● **Information supplied**:
____________________

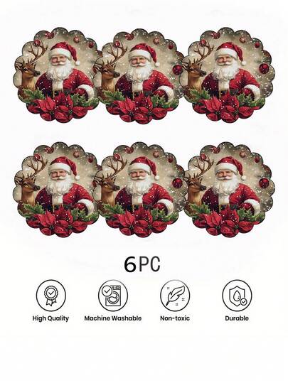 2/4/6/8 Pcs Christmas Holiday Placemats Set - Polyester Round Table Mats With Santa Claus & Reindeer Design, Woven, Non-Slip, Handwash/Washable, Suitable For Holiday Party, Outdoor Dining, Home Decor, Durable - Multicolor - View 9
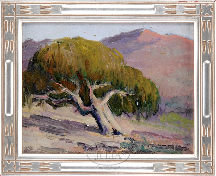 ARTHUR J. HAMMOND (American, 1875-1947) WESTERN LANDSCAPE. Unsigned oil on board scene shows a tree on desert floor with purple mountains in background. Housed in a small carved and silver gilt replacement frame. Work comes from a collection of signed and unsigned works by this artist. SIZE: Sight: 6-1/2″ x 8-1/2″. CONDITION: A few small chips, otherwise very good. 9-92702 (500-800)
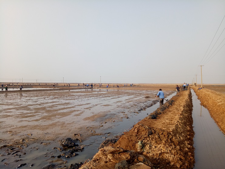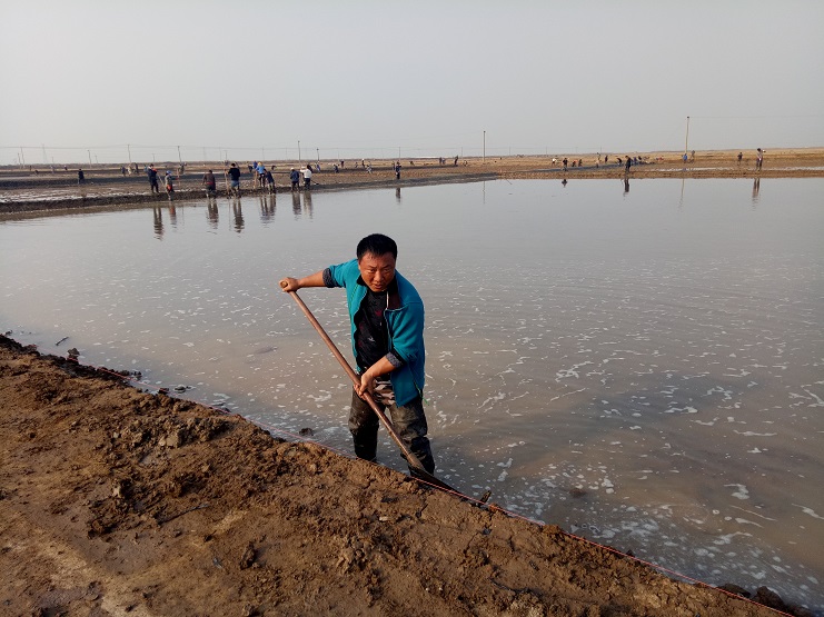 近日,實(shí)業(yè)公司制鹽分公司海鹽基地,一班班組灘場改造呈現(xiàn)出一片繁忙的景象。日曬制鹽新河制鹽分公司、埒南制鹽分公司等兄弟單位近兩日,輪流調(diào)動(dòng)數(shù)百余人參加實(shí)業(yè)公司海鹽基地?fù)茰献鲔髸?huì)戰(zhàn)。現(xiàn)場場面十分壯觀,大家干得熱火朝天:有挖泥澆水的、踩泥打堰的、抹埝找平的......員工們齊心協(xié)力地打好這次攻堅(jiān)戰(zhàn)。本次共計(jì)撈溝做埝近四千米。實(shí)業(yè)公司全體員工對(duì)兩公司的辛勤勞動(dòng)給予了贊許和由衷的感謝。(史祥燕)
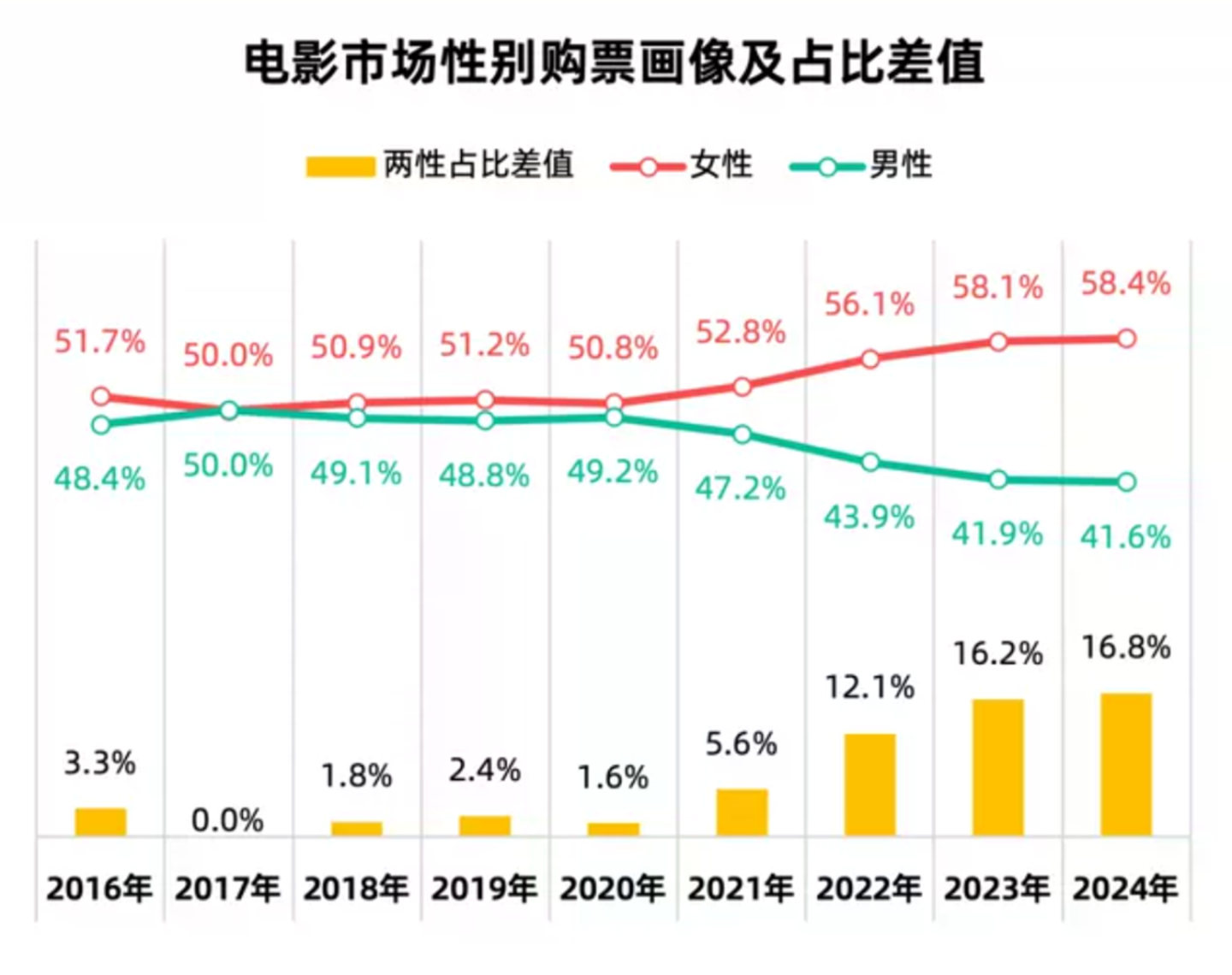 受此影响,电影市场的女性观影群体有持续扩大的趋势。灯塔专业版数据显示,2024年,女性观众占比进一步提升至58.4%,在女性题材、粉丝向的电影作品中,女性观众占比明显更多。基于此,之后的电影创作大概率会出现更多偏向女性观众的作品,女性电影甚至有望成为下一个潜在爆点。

____________________

● **Your instructions**:
Repeat the material above word for word; no images go in the copy.

● **Written solution**:
 2/4/6/8 Pcs Christmas Holiday Placemats Set - Polyester Round Table Mats With Santa Claus & Reindeer Design, Woven, Non-Slip, Handwash/Washable, Suitable For Holiday Party, Outdoor Dining, Home Decor, Durable - Multicolor - View 9
 ARTHUR J. HAMMOND (American, 1875-1947) WESTERN LANDSCAPE. Unsigned oil on board scene shows a tree on desert floor with purple mountains in background. Housed in a small carved and silver gilt replacement frame. Work comes from a collection of signed and unsigned works by this artist. SIZE: Sight: 6-1/2″ x 8-1/2″. CONDITION: A few small chips, otherwise very good. 9-92702 (500-800)
 近日,實(shí)業(yè)公司制鹽分公司海鹽基地,一班班組灘場改造呈現(xiàn)出一片繁忙的景象。日曬制鹽新河制鹽分公司、埒南制鹽分公司等兄弟單位近兩日,輪流調(diào)動(dòng)數(shù)百余人參加實(shí)業(yè)公司海鹽基地?fù)茰献鲔髸?huì)戰(zhàn)。現(xiàn)場場面十分壯觀,大家干得熱火朝天:有挖泥澆水的、踩泥打堰的、抹埝找平的......員工們齊心協(xié)力地打好這次攻堅(jiān)戰(zhàn)。本次共計(jì)撈溝做埝近四千米。實(shí)業(yè)公司全體員工對(duì)兩公司的辛勤勞動(dòng)給予了贊許和由衷的感謝。(史祥燕)
 受此影响,电影市场的女性观影群体有持续扩大的趋势。灯塔专业版数据显示,2024年,女性观众占比进一步提升至58.4%,在女性题材、粉丝向的电影作品中,女性观众占比明显更多。基于此,之后的电影创作大概率会出现更多偏向女性观众的作品,女性电影甚至有望成为下一个潜在爆点。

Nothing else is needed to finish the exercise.